Interview Your Employees: There is a lot of information about your customers in the minds of the employees who interact with them. Talk to your sales people if you have them. Customer service personnel are critical to this process as well in that they have an important perspective on the issues of customers after they have purchased the product or service. Anyone who interacts routinely with the customer should be considered for interviews. Find out why customers buy and what issues they have with your product or service.
Intelligence from Existing Websites: Websites provide a good source of intelligence. If you already have a website and have enough traffic, there are tools you can use to gain insight into the people who visit it and those of your competitors. Yes, take the time to learn from your competitors. One caveat though….only target successful competitors for this intelligence. The third party applications, e.g., Quantcast and others like them provide inference data on visitor profiles. The better ones use large panels made up of millions of Internet users who previously provided their profile information to the service and allowed them to passively view their online behavior. This information is supplemented with direct visits to tagged websites and plugged into an algorithm that makes inferences about the profile of people visiting a website, or what websites a certain profile visits. The latter is important to Media Publishers and the creation of effective affiliate advertising campaigns. Most sites have too little traffic to be profiled without adding tags from one of these services to the website.
Visiting successful competitor websites can also provide insight into the customer. What value proposition are they marketing? What emotional gratification mode and purchase preference modes dominate the site? If they are very successful, they probably know the customer and how to position their product in the mind of the customer.
Obviously, your own web analytics application can provide a lot of information about the source of your traffic.
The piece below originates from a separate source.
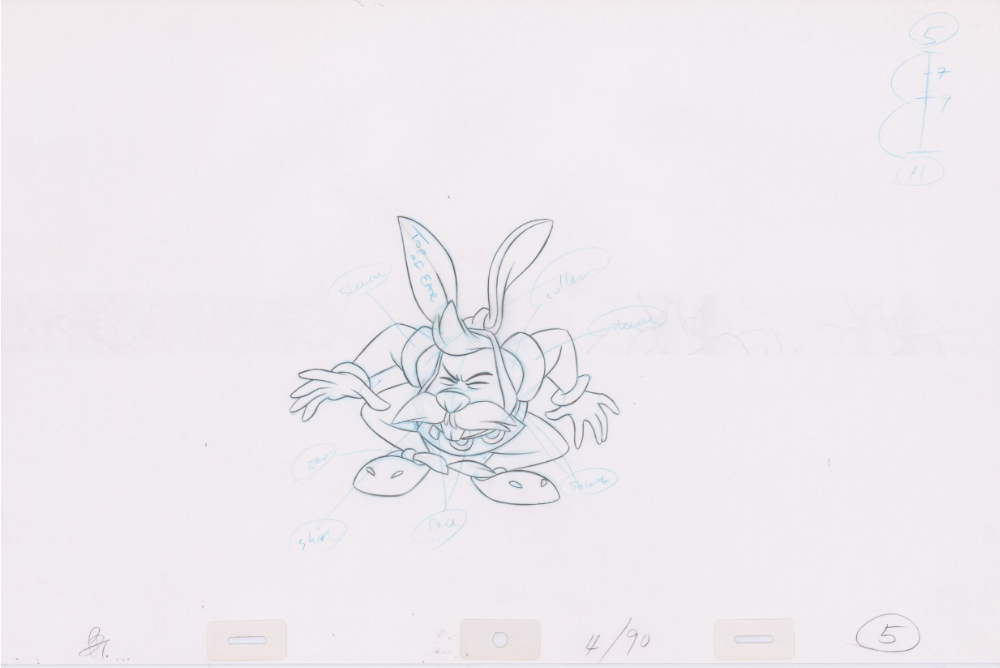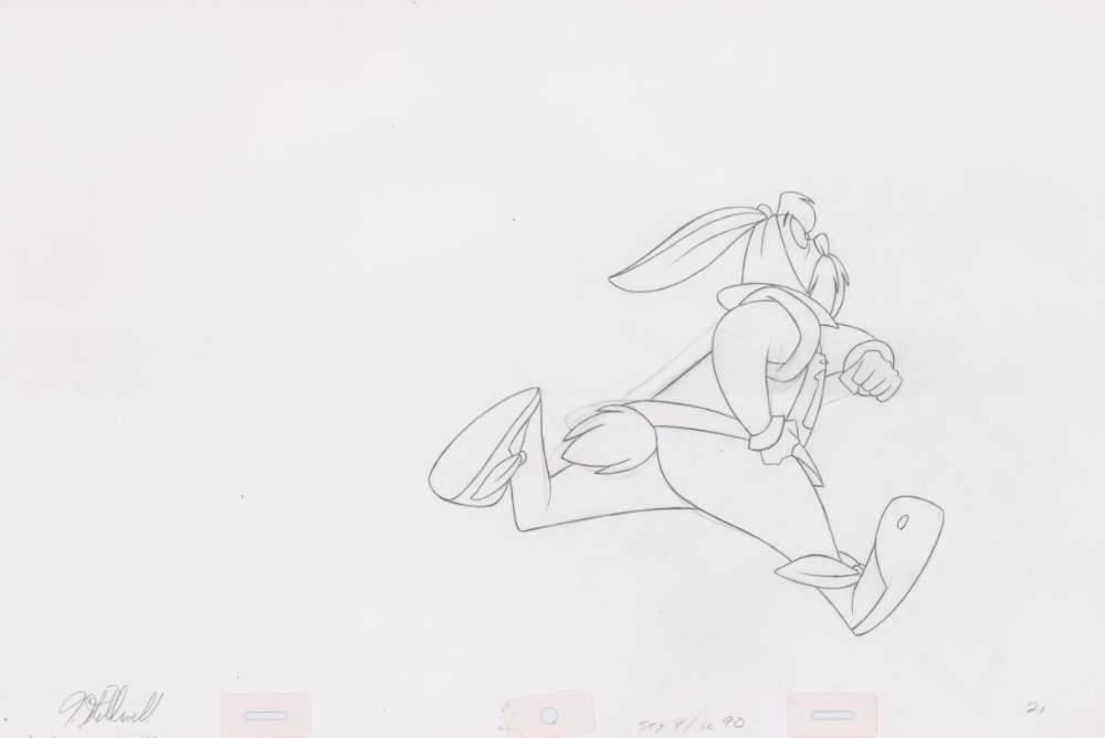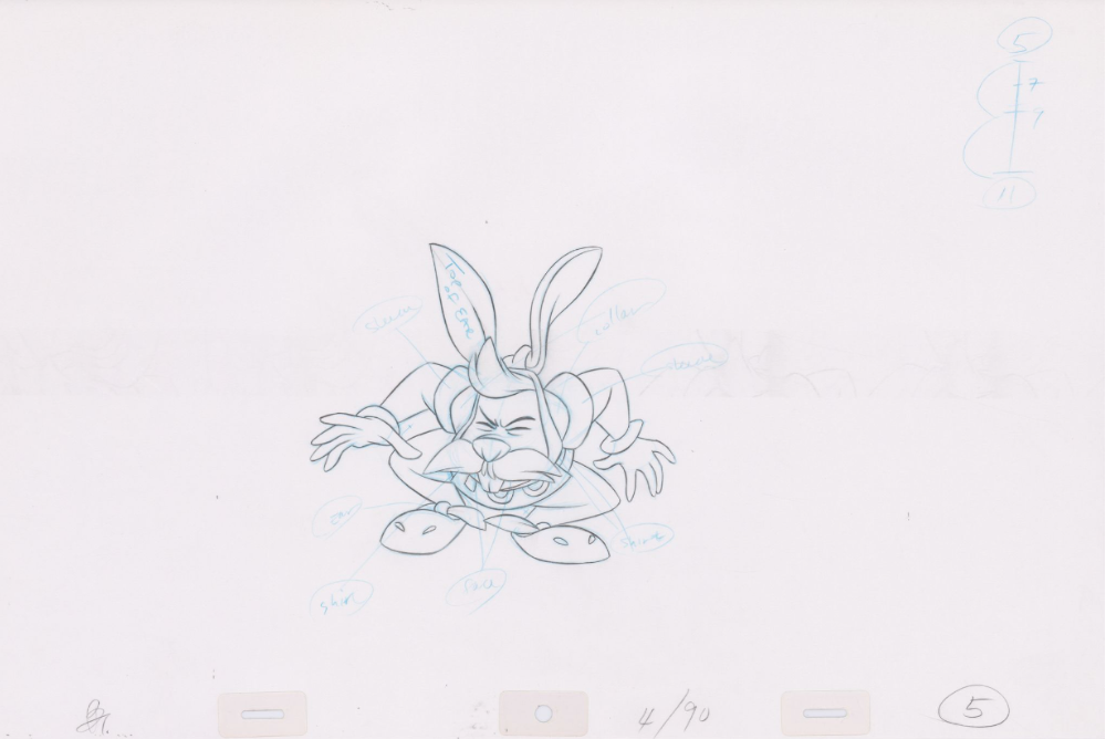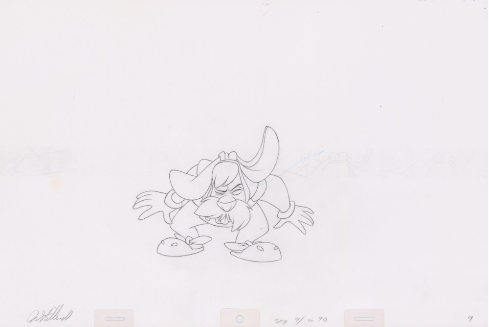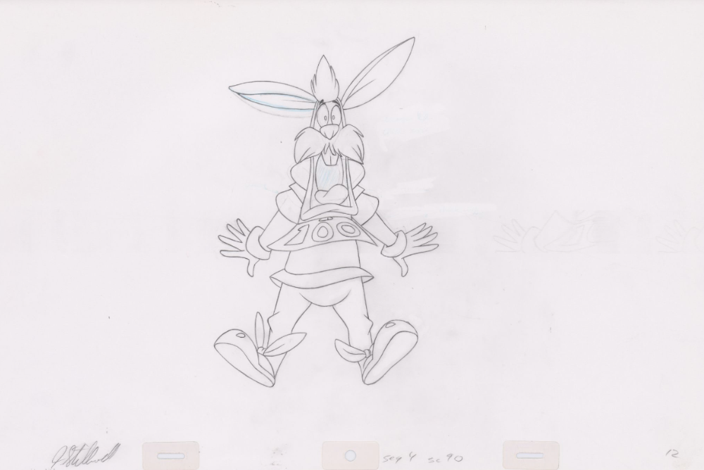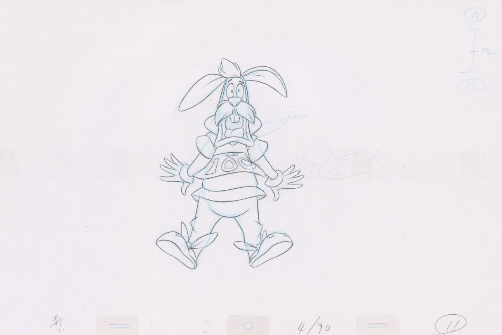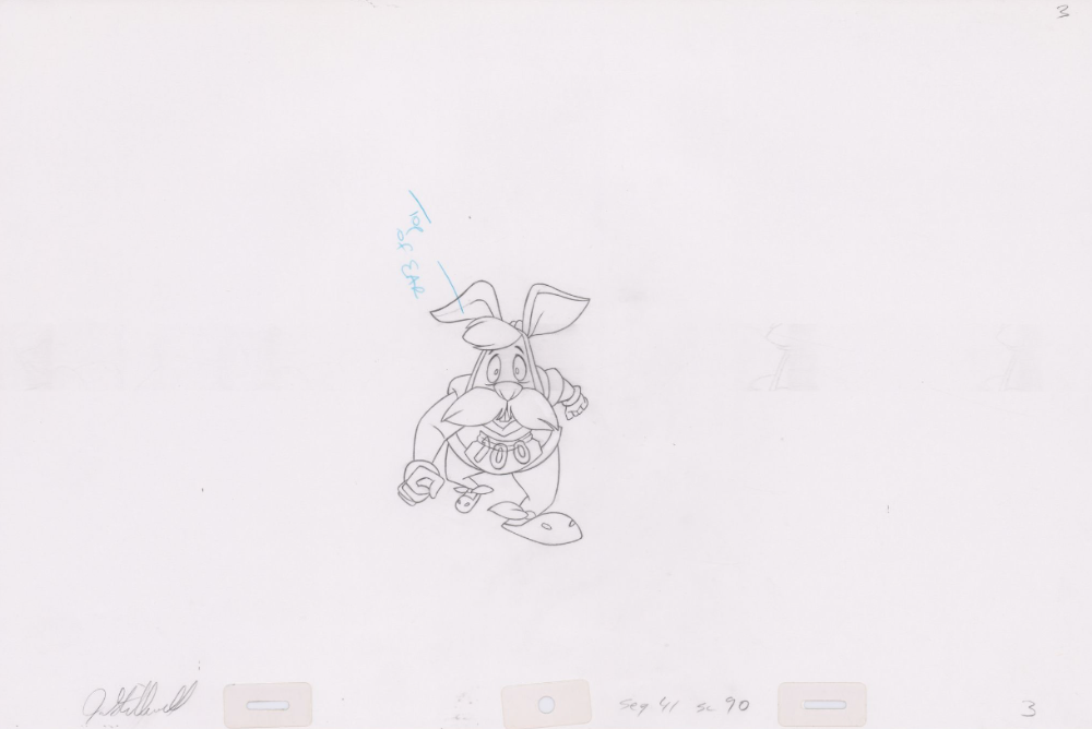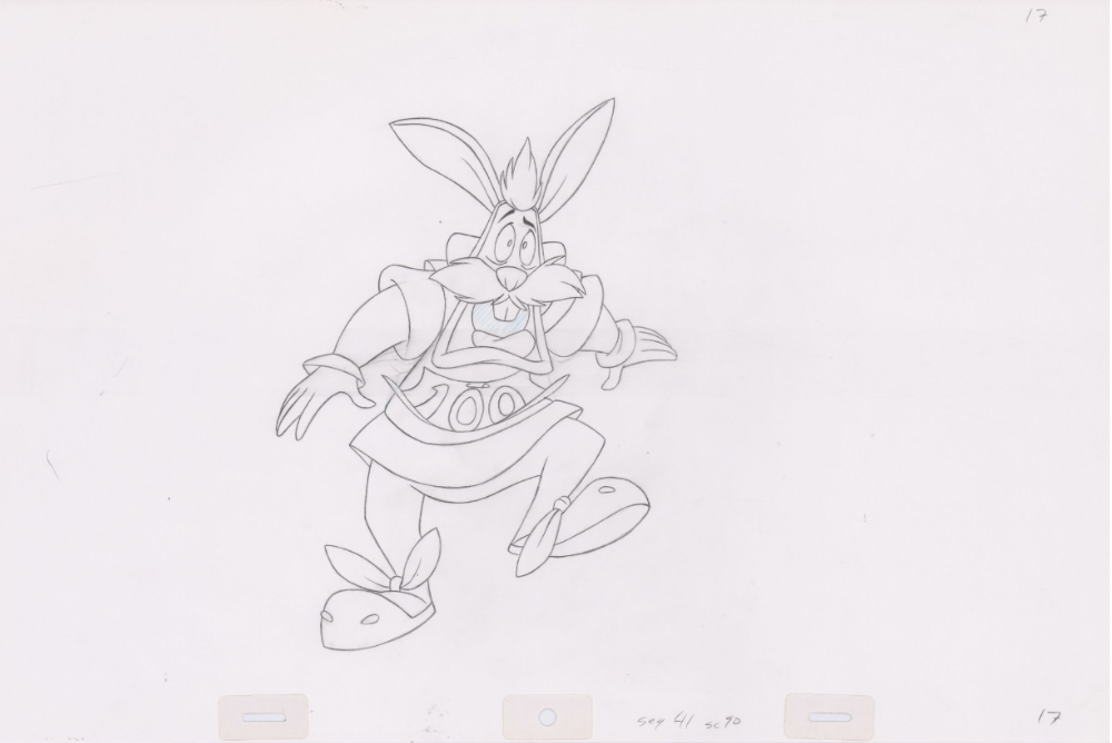 Original Pencil Art: hand-drawn pencil art from the classic film, The Swan Princess. Swan Princess Pencil Art of Westley the white rabbit (Sequence 4-90). Westley runs from painted arrows as Bromley and Derek compete for archery points.

If you have website goals, it can also help you identify from where the most qualified traffic is coming. Customer insight can also be gleaned from the search keywords that resulted in visitors to your site. Once there, what were they looking for….what visitors searched for (site search) or what content they interacted with while on the website. All can provide valuable insight about our customers so that you can become your customer.
Use Others’ Research: Don’t reinvent the wheel. If there are resources that already provide insight into your target market, use them. This is known as a Secondary Research Resource. There are many organizations that provide both demographic and psychographic information about a particular target market profile. These reports can be purchased and may cost several thousand dollars. Many times a brief synopsis of the paid report is available and that in itself may be valuable. There are also a myriad of free resources. One that should be always addressed for demographic information is the Census data from the federal government.
Conduct You Own Research: You can create your own survey of current customers. If you have a large enough sample and have surveyed all of them or a random sample of them in an unbiased way, you can gain confidence in the data discovered in the survey. This process is termed “primary research” because you are doing your own research. The difference from interviewing your customers is that you are surveying a much larger sample and are using research protocols that can provide you objective and subjective data with confidence limits attached to it. You can do the same with a random sample of people from your target market.
Conduct Focus Groups: Focus groups are a tried and true way of interacting with probable customers to glean information that will help us define our product, price, marketing message, marketing strategies, etc. Focus Groups are both an interviewing and brainstorming process involving group dynamics that you don’t get in a one to one interview. Results are better if whoever conducts the session is trained in leading focus groups. This will help assure a better outcome of the experience.
Testing With Targeted Customers as Part of the Development Process: Whether it is a website or some other Internet marketing campaign, soliciting feedback from existing or probable customers as you develop the website or campaign will result in a better website or campaign. It reminds me of that old adage of never having the time to do it right, but always having the time do do it over. Doing it right requires that you involve your targeted market profile in the development of a website or campaign by “running it by them” in a structured (testing) way.
If you do the above, you are well on your way of Becoming Your Customer!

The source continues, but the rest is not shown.